The Present Day Scenario—Preacher and His Congregation:

        David accepted Jesus Christ as his Savior in his teen years. Some time after that he makes Jesus Christ the Lord of his life. He senses a call by God to get a Christian education. He goes to a fine evangelical Bible College and Seminary, realizing that most churches require a pastor to have a Seminary education. He has a desire to be a good preacher, and to be a very knowledgeable Bible teacher. He takes a class in Hermeneutics, which is Bible interpretation and another class in Homiletics, which is the delivery of sermons. The rest of the classes are in Bible doctrine, Hebrew and Greek. He had classes in physiology and sociology. This will round out his education. He is dreaming of the day when he may have a Doctorate, too.

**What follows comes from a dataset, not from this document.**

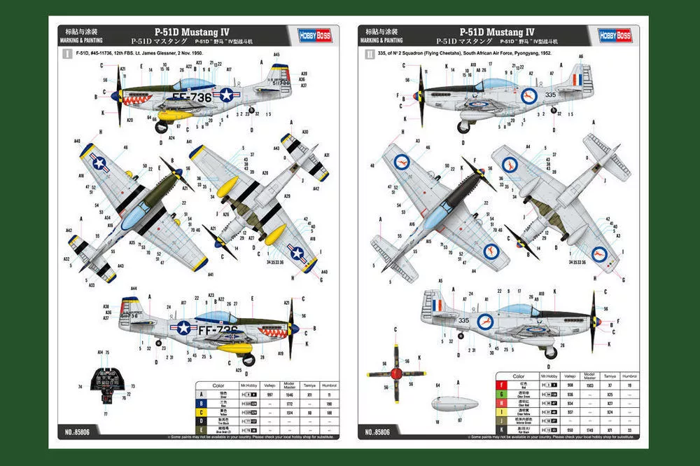 HobbyBoss 85806 North American P-51D Mustang IV Fighter repülőgép makett (1/48)
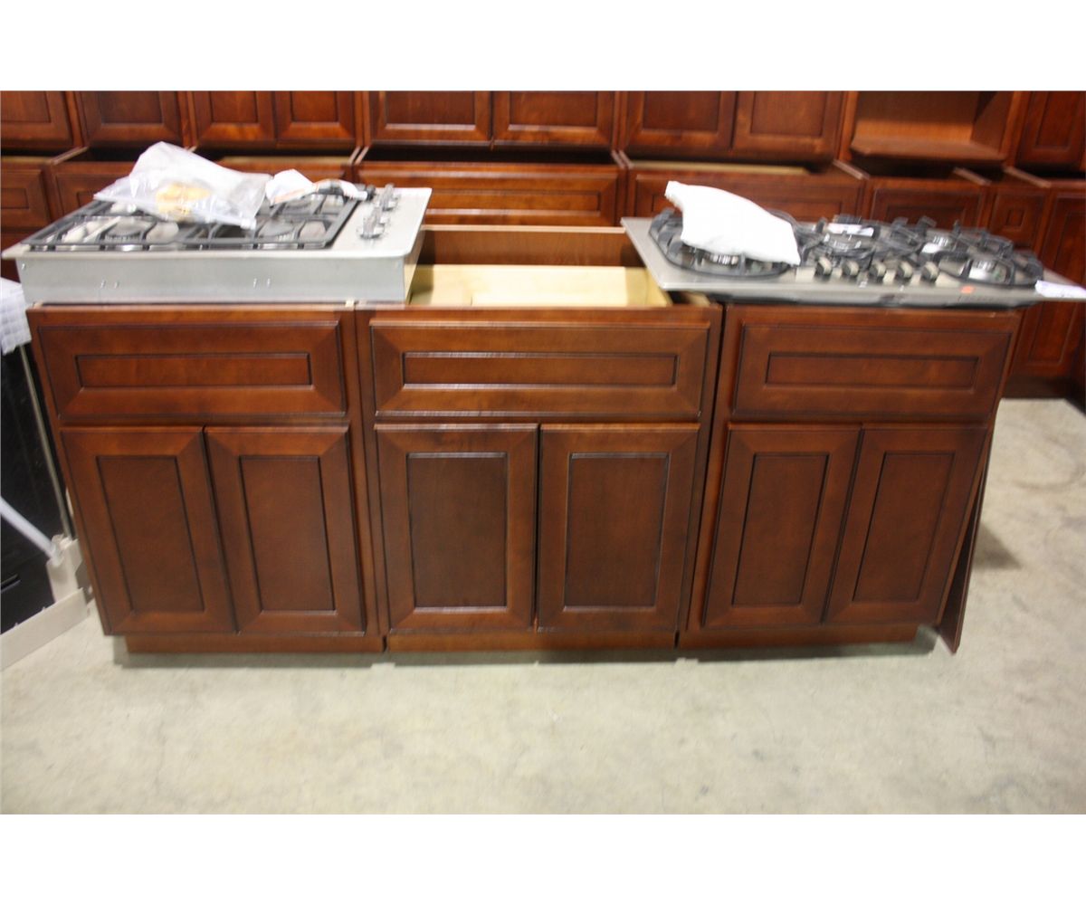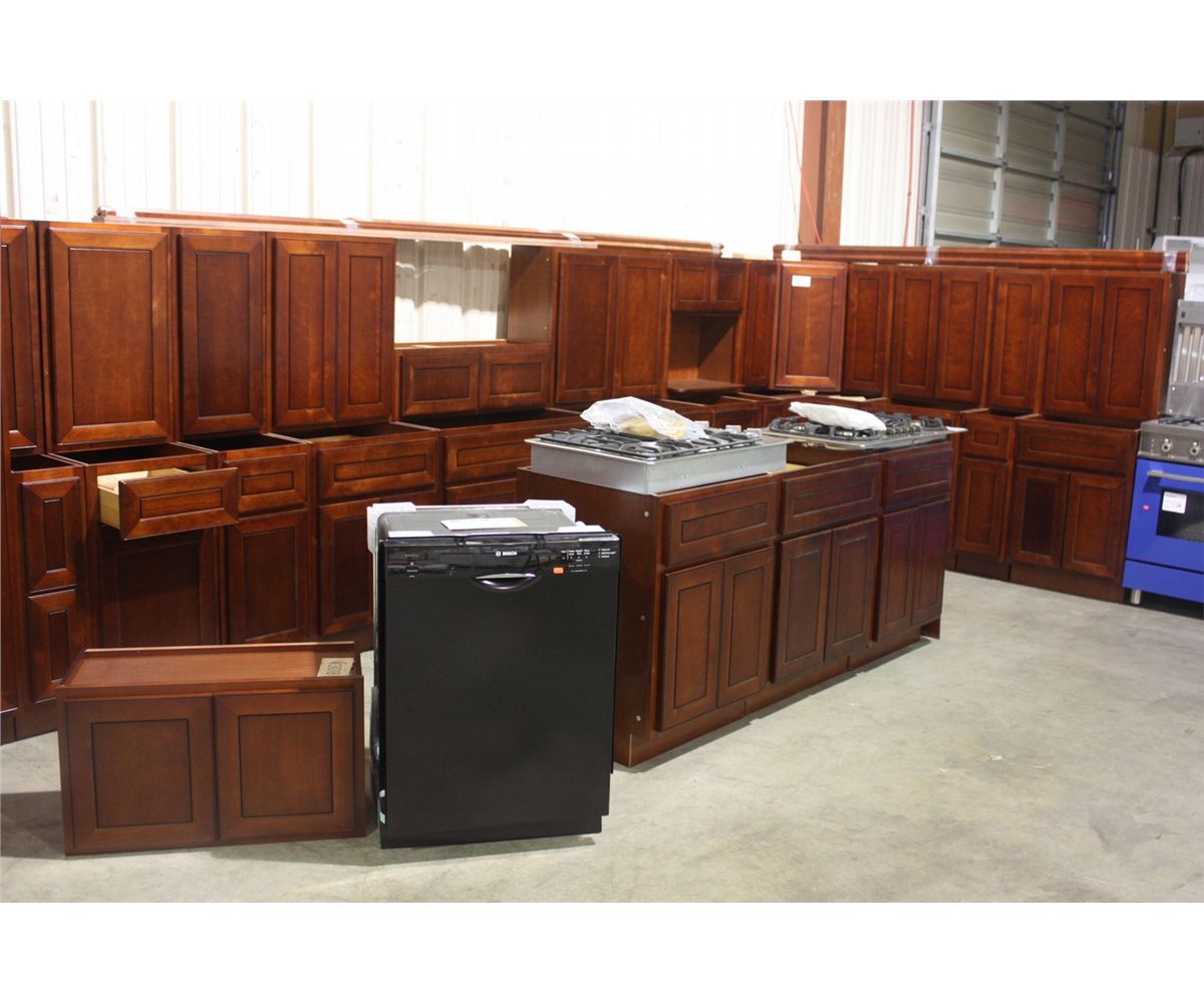 COMPLETE DARK CHERRY KITCHEN CABINET SET INC: 17 BASE CABINETS - 19 WALL CABINETS- AND LARGE QUANTITY OF TRIM, MOLDING AND SIDE PANELS

        David becomes a pastor, or I mean a preacher of a church. That is what He studied to be. He has become a very eloquent speaker. He spends hours and days on his sermons. There is a problem with David’s emphasis on preaching and not on being a pastor. First Corinthians 13: 1-2 speaks to this problem “Though I speak with the tongues of men and of angels, but have not love, I have become sounding brass or a clanging cymbal. And though I have the gift of prophecy (preaching), and understand all mysteries and all knowledge (doctor), and though I have all faith, so that I could remove mountains, but have not love, I am nothing.”

        The people in our churches are made up from people in our society. I have read and been involved with many social problems. I will point them out from this young pastor’s congregation while he is preaching very eloquently.

        Here we have a young teenage boy and girl sitting holding hands. There is a worrisome look on the boy’s face while the young lady is beaming. Let us listen to their thoughts while the preacher is giving his sermon. The young man is worried that his girlfriend may be pregnant. He figured that they were only having a good time when they got into bed together while her parents had gone out to dinner. She is thinking how wonderful loving is. Mother and dad don’t love me.

        Here is a gentleman sitting on the aisle that has a very gloomy face. He looks like he doesn’t have the joy of the Lord. Let us listen to what he is thinking. I hate that man Fred. He said that the investment would be a sure thing, and I would make money on it. Yea, I sure did, by losing my ten thousand dollars. He calls himself a Christian and he is a deacon, too. He sits there on the front pew looking so smug. I hate that man and will till I die.

        Let us go across the isle from him. Here are two lovely ladies. They seem to be good friends. They seem like just normal folks. They are single and have their separate homes, but they love one another. More than you think. You see they are closet lesbians. Let us go a row or two back of them. Here we have smiling faces of a husband and wife. Underneath those smiles is anger. They had a verbal fight last night over finances. It has not been settled. In fact, he slept on the couch in the living room. There is a husband and wife sitting in the back of the room. She seems perfectly happy, but he has a frown on his face. You see he has a girlfriend. He wants to leave his wife of twenty years and take up with this younger lady.

        This is all going on while the preacher is sermonizing. There are other problems in the lives of his people. He is totally unaware of these problems, because he is not involved with individuals in his congregation. This young preacher is only interested in his accomplishments and his eloquence as a preacher. He has no conception of the people sitting before him.

        There are three more personal problems I want to bring out, too. There is an elderly gentleman sitting there with eyes that seem to be red as if he had been crying. His beloved wife of almost fifty-year is slowly dying in a state of dementia in a nursing home. There is also a very elderly lady. I see that her husband of sixty-years died a few weeks ago. She feels so abandoned and lonely without him even with all of the folks sitting around her.

        Abandoned and loneliness is felt by a recently divorced lady in this congregation. Many of her friends seem to have rejected her. It was her husband that left her for another woman.

        The cause of loneliness with singles in the church comes about because the whole push is for the family. That is good, but we must minister to those who have become single after the lost of a spouse. This should involve all the seniors, too.

        The gross problems in the congregation come out of the attitude of the pastor toward the people. He is to be shepherd over his people. Called and anointed by God to be pastor of a community of believers is more than preaching. It is a people to people vocation.